### Problem description
No pictures belong in the copy. Set down exactly the lines from the one that contains "アンドアザーストーリーズ レディース トップス" through the end of the data.
--- Data supplied ---
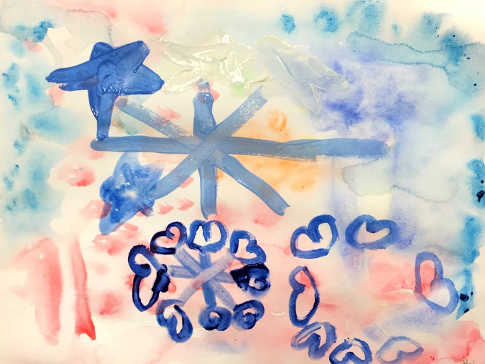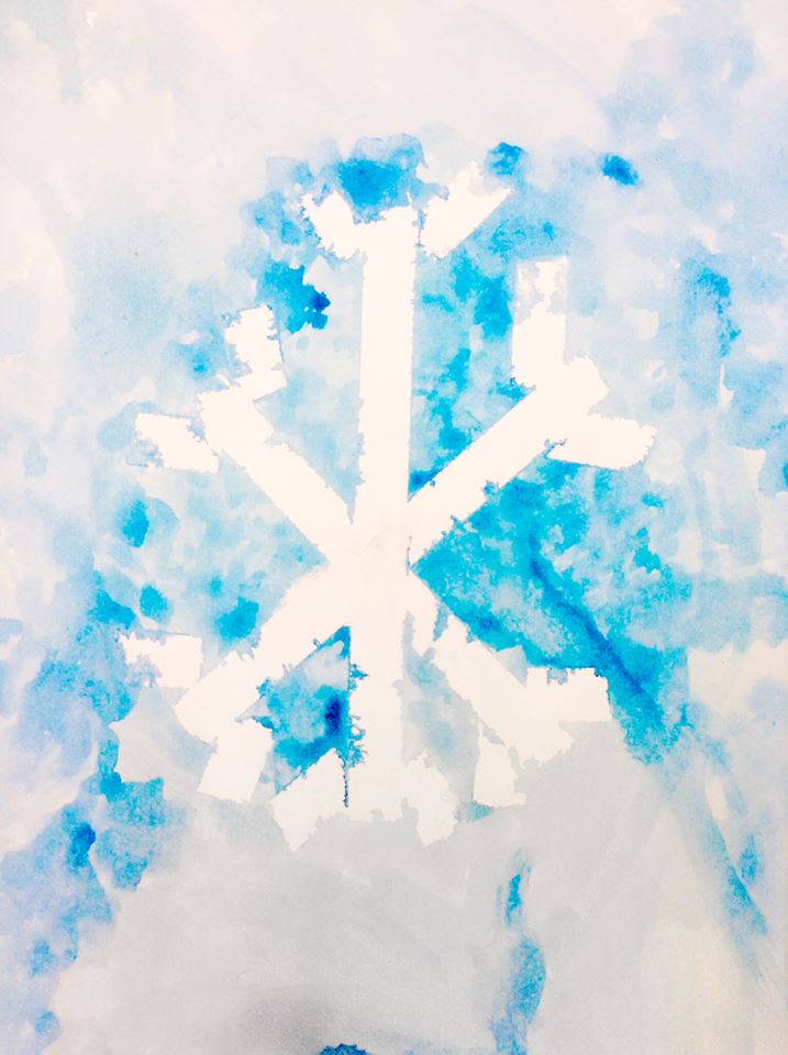 Ask your artists what color would be best for painting snowflakes – (white). White will look good on their watercolor backgrounds, which are full of mostly pale colors. Have your students line up to get cups or bowls and let you put some white paint in it. Then they can take this back to their seats and get a brush, and a paper towel. Praise them for helping set up. Artists must learn to set up, and also to clean up.
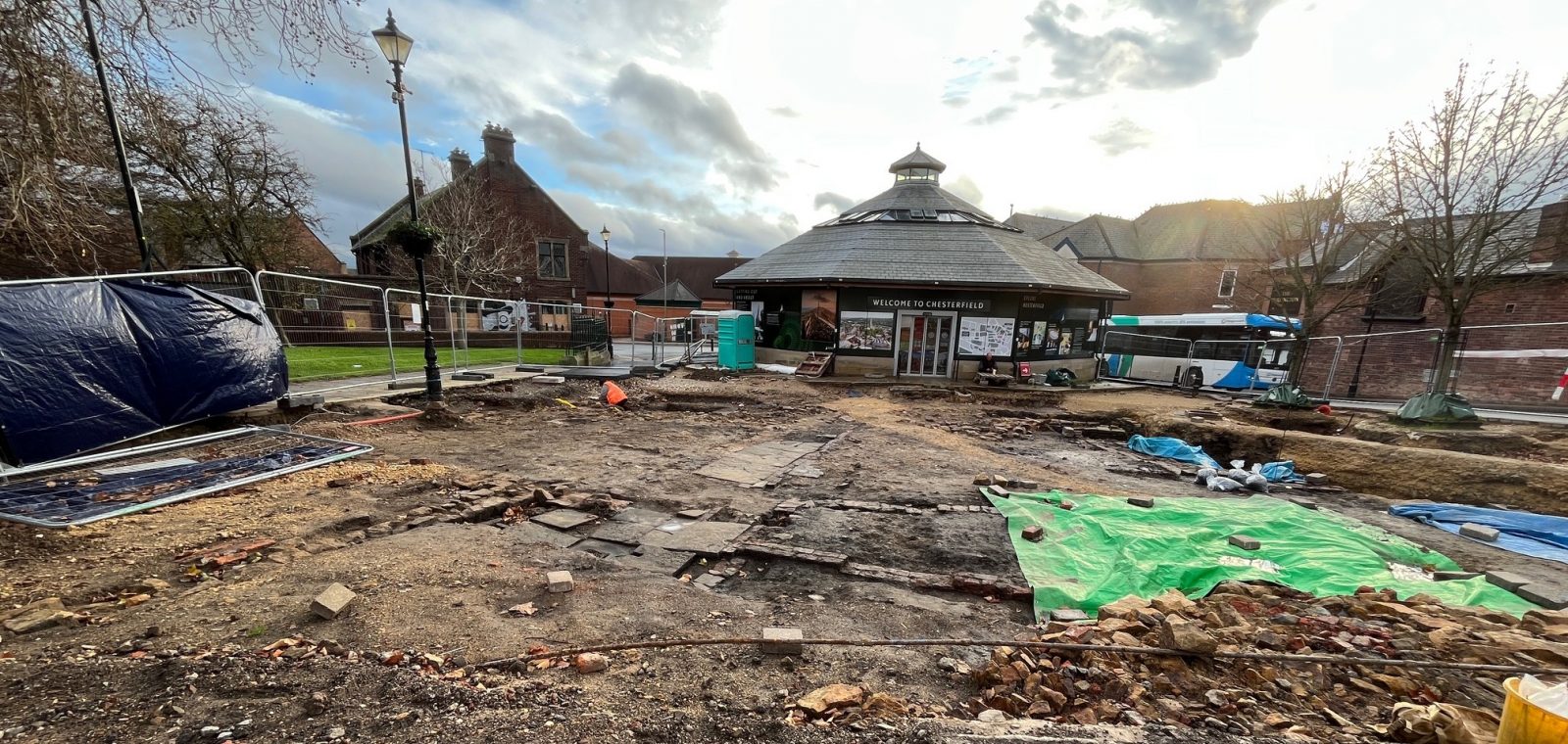 John started by giving some context to the excavation – the need for which was established when contractors involved in the ‘Revitalising the Heart of Chesterfield’ works discovered some human remains. Perhaps not surprisingly these were found in the site of the former graveyard. It was clear that archaeology on the site required further investigation – mainly in the area where the existing square, in front of what was the visitor information centre, is situated.
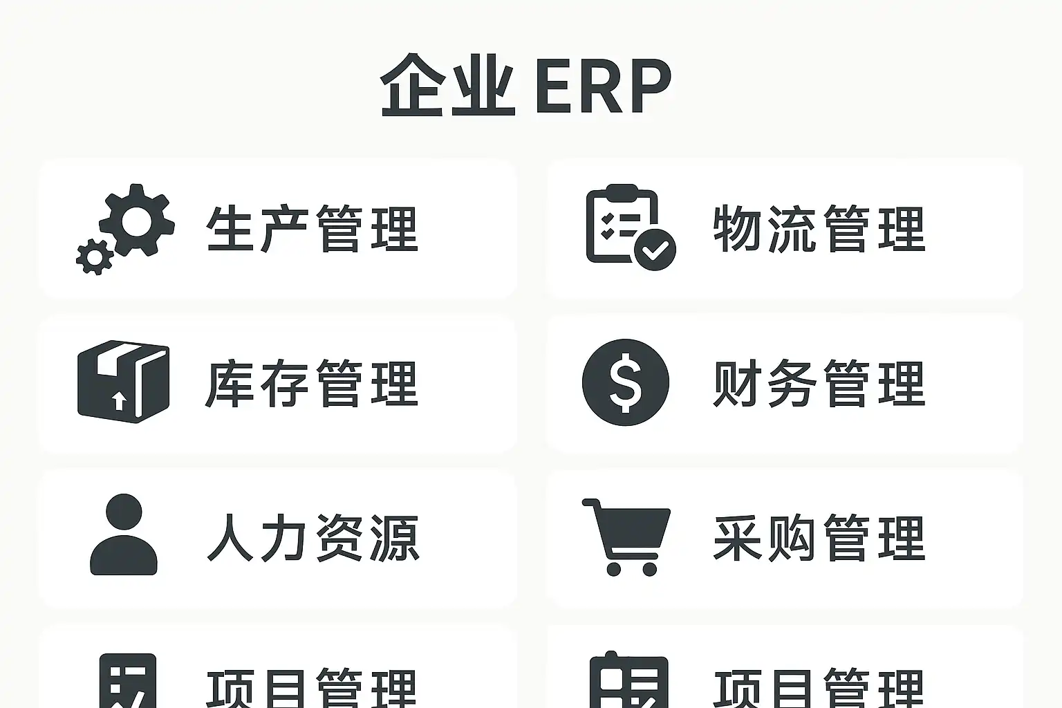 - 制造型ERP:涵盖生产计划、物料管理和质量控制,适合制造业企业。
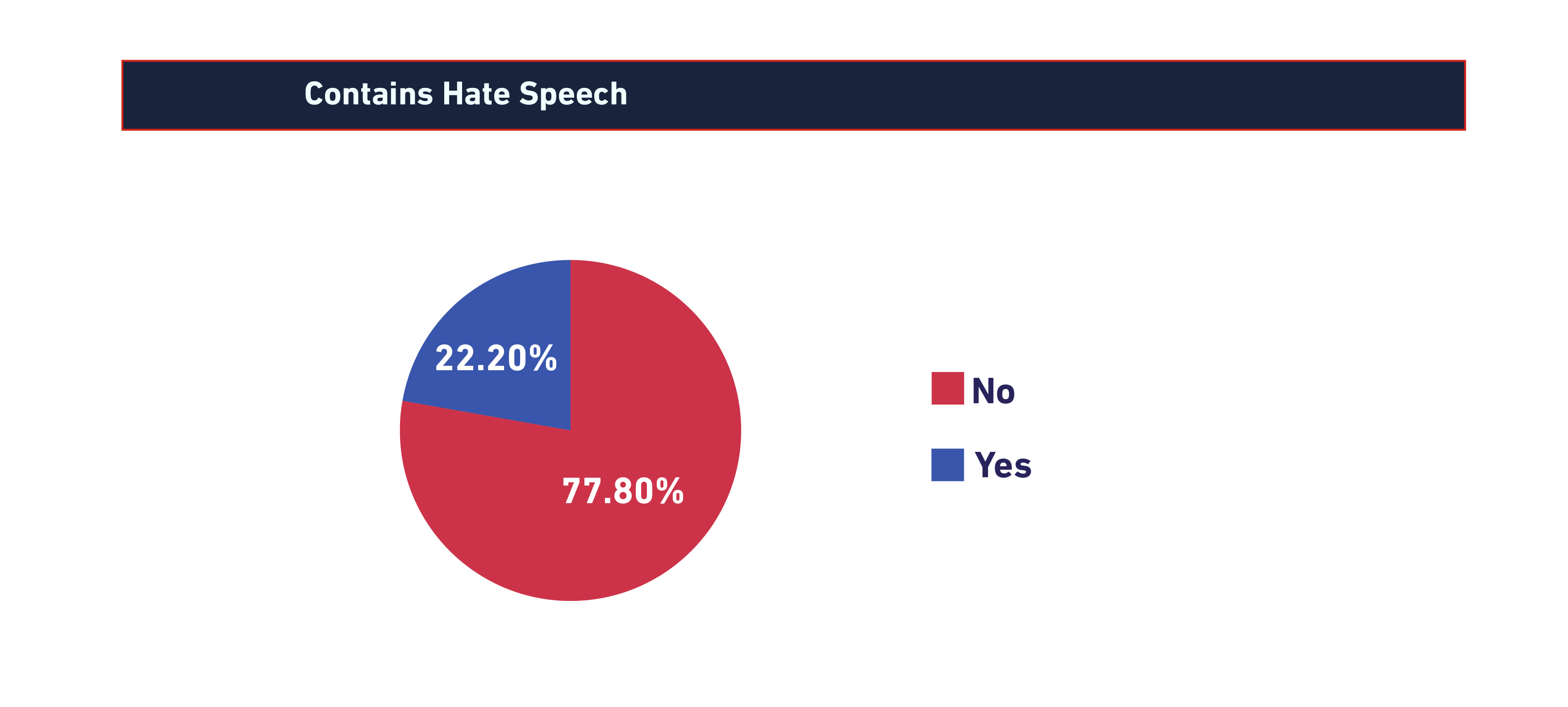 Out of the 54 analyzed accounts, 42% (12) published comments that did not contain hate speech, and 12% (42) published comments that contained hate speech.
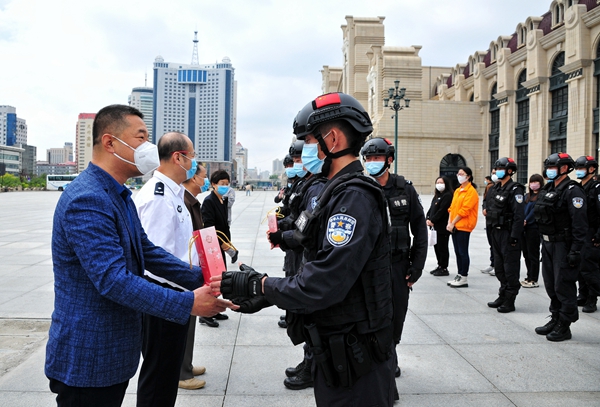 公益活動(dòng)首批慰問(wèn)對(duì)象是剛從抗疫一線歸來(lái)的哈爾濱市公安局巡特警支隊(duì)隊(duì)員。本次疫情期間,他們馳援五常市拉林鎮(zhèn)、哈爾濱市平房區(qū)和賓縣,先后核查車輛3700余臺(tái),幫助群眾1100多人,為群眾配送餐食10萬(wàn)余份、飲用水20余萬(wàn)瓶、防疫物資9000余件,用血肉身軀筑起了抗擊疫情的鋼鐵長(zhǎng)城,詮釋了“疫情當(dāng)前,特警在先”的使命擔(dān)當(dāng)?!案兄x黑龍江日?qǐng)?bào)報(bào)業(yè)集團(tuán)和愛(ài)心企業(yè)送來(lái)健康產(chǎn)品。今后我們會(huì)一如繼往做好本職工作,哪里需要哪里上,當(dāng)好人民的忠誠(chéng)衛(wèi)士?!苯舆^(guò)“小綠君”,哈爾濱市公安局巡特警支隊(duì)特警一大隊(duì)二中隊(duì)教導(dǎo)員劉甲洲一臉幸福。
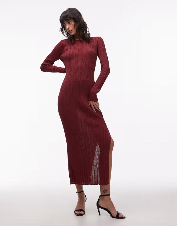 アンドアザーストーリーズ レディース トップス ワンピース ドレープ メッシュ & Other Stories draped mesh midaxi dress in wine ワイン
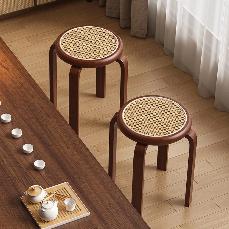 天然木製のラタン編みサークルスツール - 家庭用に最適なヴィンテージ風ダイニングチェア。リビングでの長時間のくつろぎに最適!ティーテーブル用の快適なベンチ、ダイニングルームのサブスツールとしても使えます。
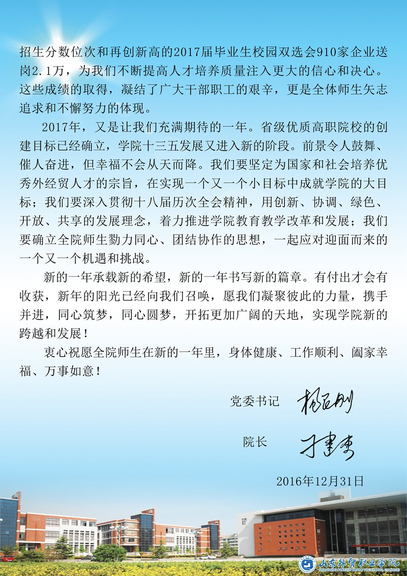 党委书记杨民刚 院长刁建东2017新年贺词
---
### Reply
 アンドアザーストーリーズ レディース トップス ワンピース ドレープ メッシュ & Other Stories draped mesh midaxi dress in wine ワイン
 天然木製のラタン編みサークルスツール - 家庭用に最適なヴィンテージ風ダイニングチェア。リビングでの長時間のくつろぎに最適!ティーテーブル用の快適なベンチ、ダイニングルームのサブスツールとしても使えます。
 党委书记杨民刚 院长刁建东2017新年贺词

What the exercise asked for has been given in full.